The displacement, unsettling, and uprooting provoked by recent events highlight connections and separations across the Mediterranean. Through rigorous crossings of intellectual traditions, this panel explores how temporal and spatial relations comprise and dissolve regional boundaries.

Long Abstract:

Over the last century, scholarly understandings of the Mediterranean have gone through multiple transformations. Braudel saw the Sea as overlapping temporal durations (1949). Following this, anthropologists of the mid-twentieth century conceived of shared norms and practices that united peoples 'of' the Mediterranean (Pitt-Rivers 1954; Davis 1973). Their conceptions were ruptured by critique that dissolved regional unity (Herzfeld 1984). More recently, historians and anthropologists have explored how micro-regions and small-scale ecosystems conjoin to shape a Mediterranean of both 'connectivity' and 'separation' (Purcell and Horden 2000; Albera 2006; Ben-Yehoyada 2017).

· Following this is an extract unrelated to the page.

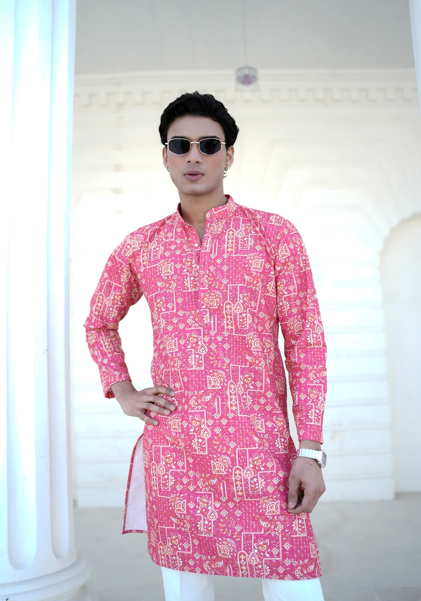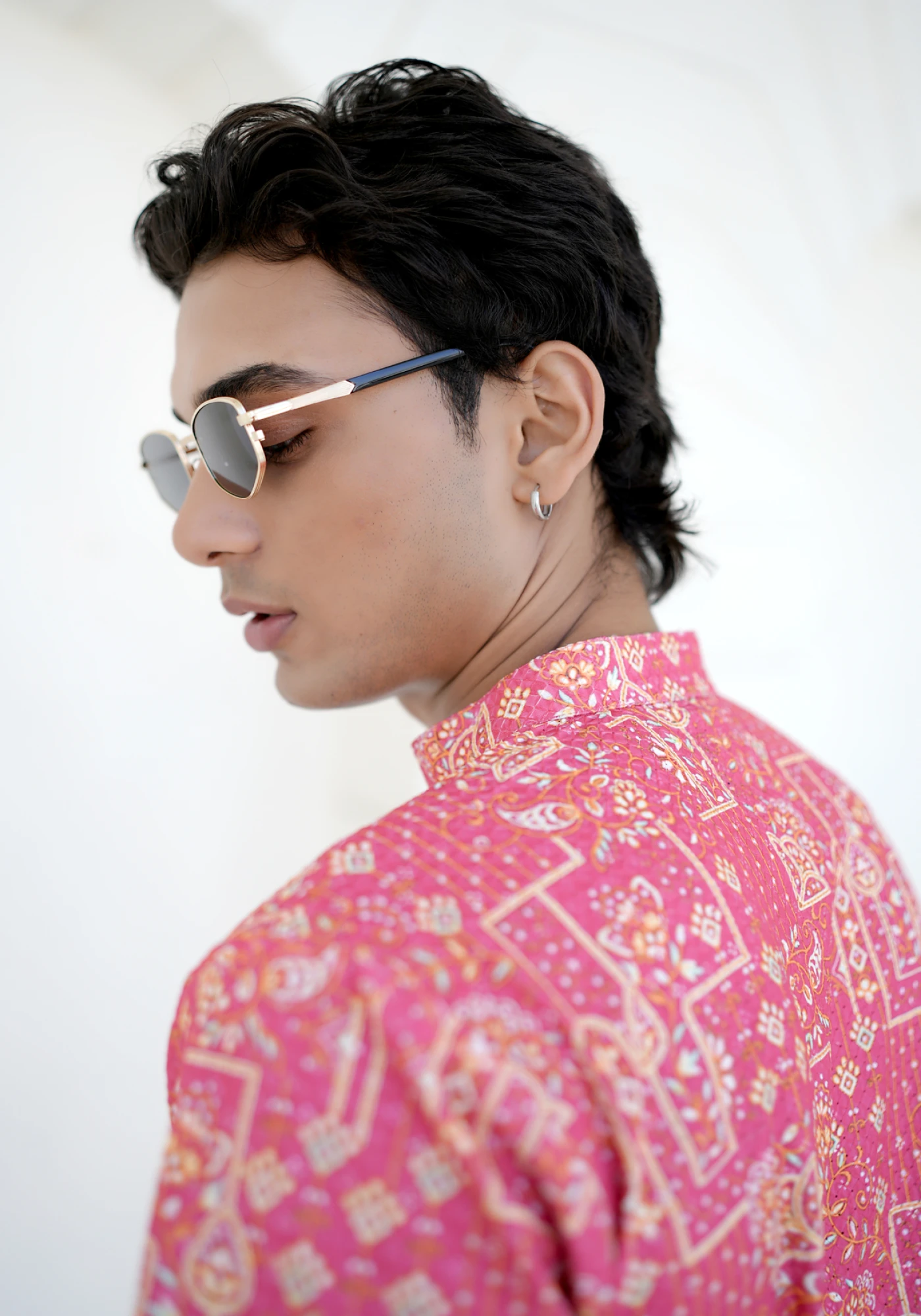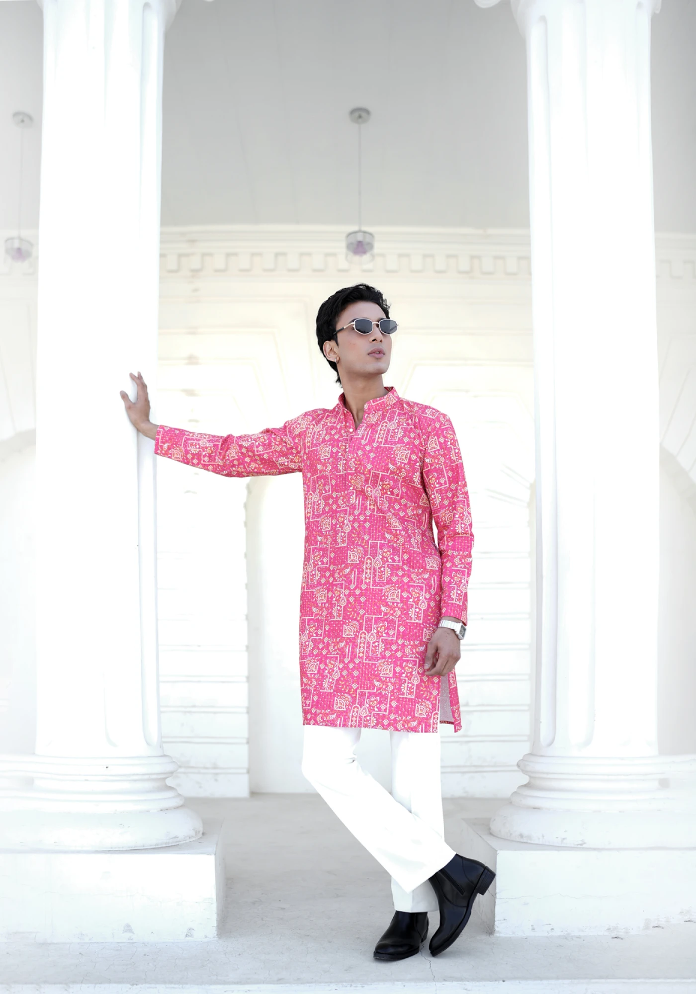 Bold, vibrant, and unapologetically festive β this Hot Pink Heritage Print Kurta is designed for those who love to stand out. Featuring intricate all-over traditional-inspired prints, this piece blends cultural artistry with a sharp, modern silhouette. The striking pink base adds energy and celebration-ready charm, making it ideal for haldi functions, mehendi ceremonies, and festive gatherings. Crafted for comfort and impact, it delivers effortless style with a confident edge.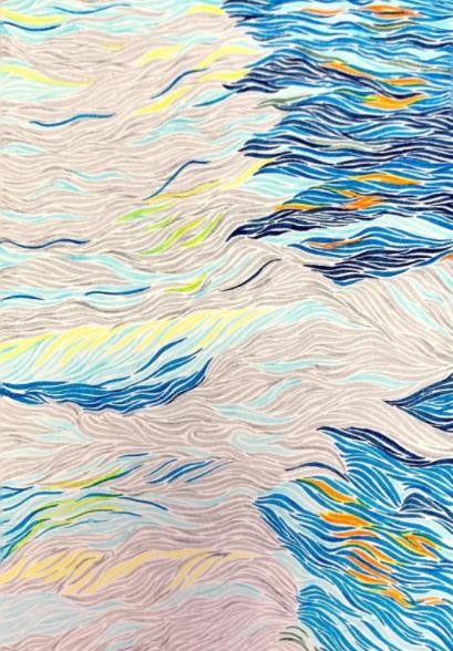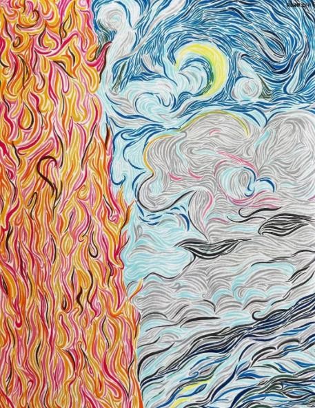我最喜欢的画家是梵高,我在作画时,总觉得他就在看着我。他后期的作品中即使是明亮的颜色,也总是充斥着悲伤的色彩,但依然充满希望。我对梵高表达敬意的方式就是以带有梵高感的线条表达情感。在这些年作画的过程中,我发现线与线之间的间隔和角度有千变万化的意味,赋予了画作不同的质感。即使某些作品想表达的思想是沉重或者悲伤的,在间隔中依然可以感受到一些艰难地喘息,而这种空气感反过来为画作带来更多的生命力。

In conjunction with contemporary events, these debates have recently generated a new wave of interest in Mediterranean region-formation. Popular uprisings unsettle regimes, economic crises uproot families, right-wing nationalist movements call for expulsion of those rendered different, and violent wars force people to abandon homes. The processes of people, ideas and goods moving, settling, and staying provoked by these events question connections and separations between Southern Europe, North Africa, and Western Asia. What historical, legal, political and social threads weave together this Mediterranean constellation? What are the particular epistemologies, logics, materials, infrastructures, and discursive systems calibrating value and meaning across this maritime space-time? How are experiences of 'being somewhere in particular' generated by and within these 'locating regimes', which simultaneously comprise and dissolve the Mediterranean (Green 2015)?

This panel intends to put into conversation intellectual traditions that have all too often been developed in isolation. We thus invite papers that explore these questions through historiography, ethnography, and rigorous crossings of these disciplinary boundaries.